Most of the time I am keenly aware that I am kind of a larger than life person. Sounds a bit ego maniacal, but I am aware that I have had an extraordinary life, and that my life has impacted other people and will continue to do so. That’s no small thing. I have so much to accomplish, and I know know know that cancer isn’t going to kill me or stop me.

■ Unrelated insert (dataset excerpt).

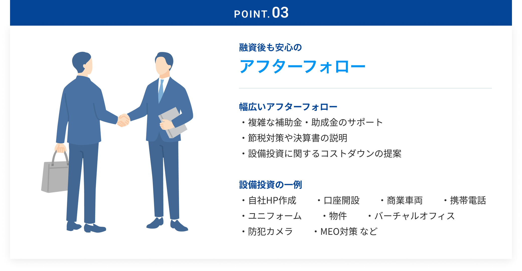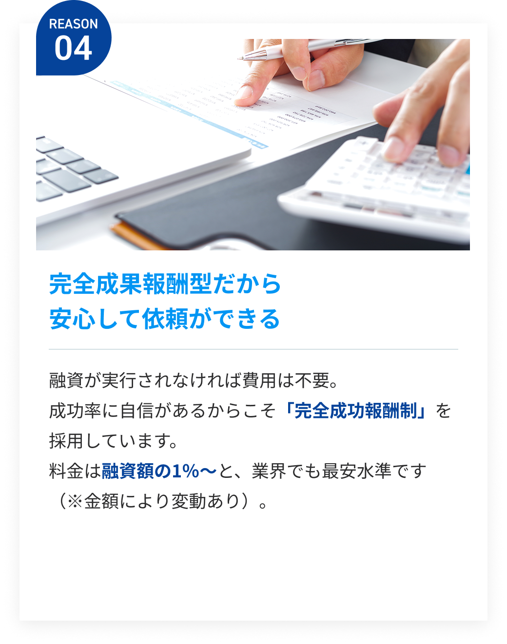 - なくても融資には影響しません。沢山の方が無担保・無保証で融資に成功しています。親族や代表者の方にも保証をつけないので安心の調達方法です。

But sometimes I’m still scared, because I am human, and it’s hard not to be. So, if I’m not talking your head off about whatever phase I am at in my treatment, it might be that I need to process it before I can open my mouth. Wait for me. You know I’ll come around.

And yeah, I’m sorry that I didn’t tell you personally. Don’t take it to heart. Get mad if you need to, but, honestly, how can you stay mad at me? I have cancer. That’d be rude as hell, yo.

So, look forward to me cracking jokes and posting photos of my disgusting skull soon enough. Much love to all of the people in my life. I know I don’t make stuff easy sometimes. Too bad. Quit your whining and make me a sandwich.